As beringelas a espanhola foram servidas grelhadas com um molho feito de tomates, pimentões vermelhos, cebola e alho bem picados e refogados em azeite puro.
Os aspargos , amarrados em delicados feixes, foram servidos cobertos com molho bechamel.
Já a cassolete é uma raridade. Na realidade, cassolete é nome de uma pequena travessa funda, com duas abas e que acabou por denominar os preparados nela servidos. No jantar dos imperadores provavelmente foi servido miolo de boi refogado em molho de trufas ou um patê defumado de peixes. Não se sabe ao certo.
DESSERT - A sobremesa
Bombe Glacée
A nossa velha conhecida, a bomba, só que confeccionada em molde gigante, recheada com sorvete, creme e macedônia de frutas, tudo servido gelado.
VINS
Os vinhos formaram um capítulo à parte e mereceriam, de fato, uma outra matéria :
Madeira – retornado da Índia 1810 (Os ingleses levaram muitos vinhos reforçados - madeira,porto e jerez , para a Índia. Por algum motivo , algumas garrafas retornaram e quando abertas, revelaram que a viagem de navio tinha melhorado suas características. Isto criou o hábito dos vinhos retornados que obviamente eram mais escassos e bem mais caros)
Jerez – retornado da Índia 1821
Chataux d’Yquem 1847
Chambertin 1846
Chateaux Margaux 1847
Chateuax Lafite 1848
Uma estimativa rasa feita por especialistas sugere que um jantar como este custaria cerca de 1.000 euros por pessoa.

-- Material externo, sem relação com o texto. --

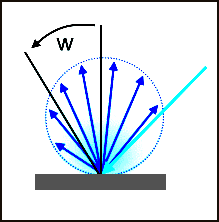 reflected light on a Lambertian surface
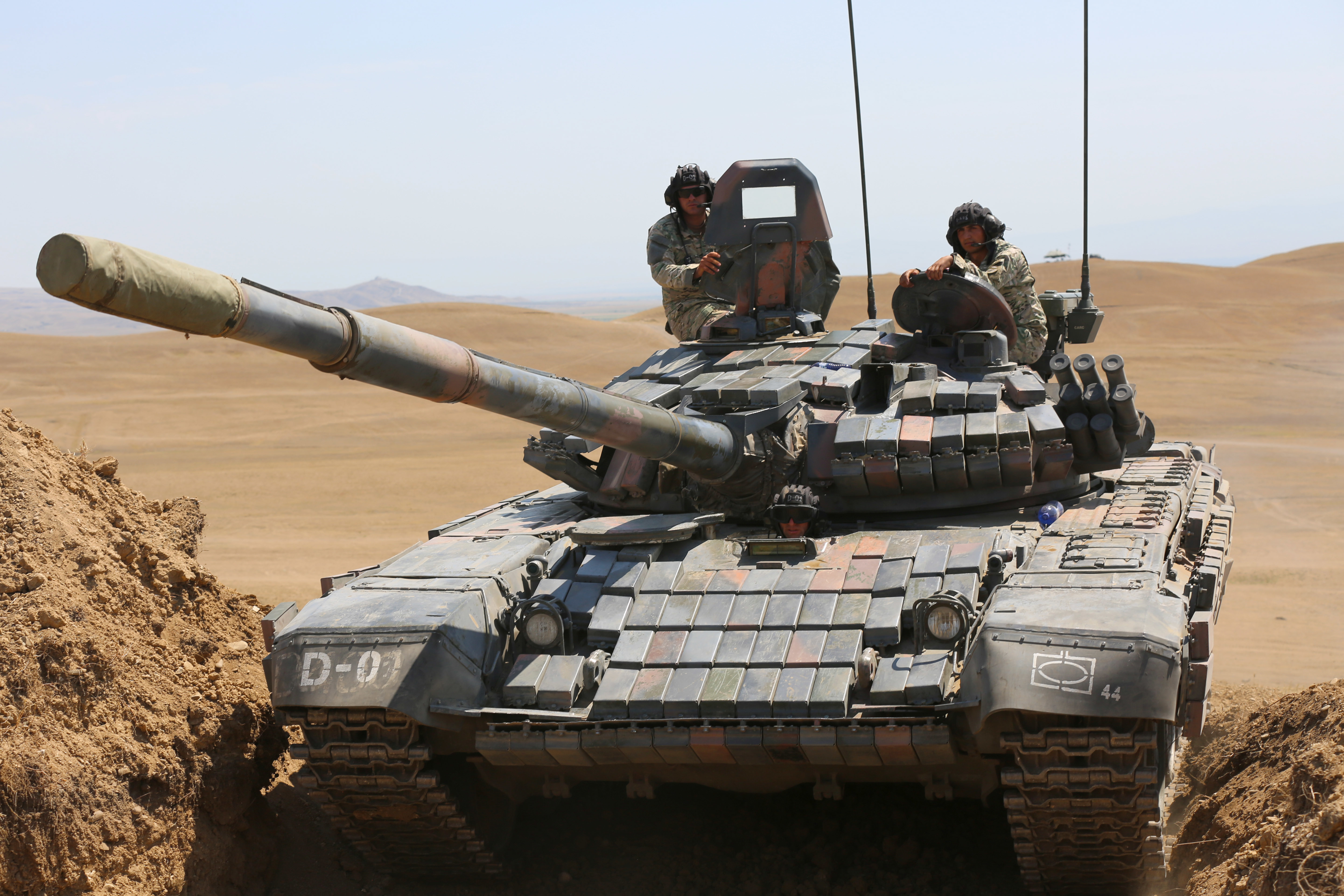 Georgian soldiers, 44th Armored Battalion, drive a T-72 tank into a fighting position during a combined training exercise, Vaziani, Republic of Georgia, Aug. 6, 2017. Noble Partner 17 supports Georgia in conducting home station training of its second NATO Response Force (NRF) contribution. Noble Partner will further enhance NRF and Operational Capabilities Concept interoperability and readiness in order to support regional stability. (U.S. Army photo by Sgt. Kalie Jones)

E para espanto geral, ao sair, o Tsar Alexandre II reclamou que tinha vindo a Paris e ao seu melhor restaurante e não experimentara o famoso foie gras.
Muito sem jeito o maitre Claude Burdel, explicou-lhe que não era costume da gastronomia francesa servir foie gras em junho mas, se ele pudesse aguardar até outubro, não iria se arrepender. Promessa feita, e cumprida: em outubro, quatro gigantescas terrines de foie gras foram enviadas aos quatro ilustres participantes do ilustre e histórico jantar.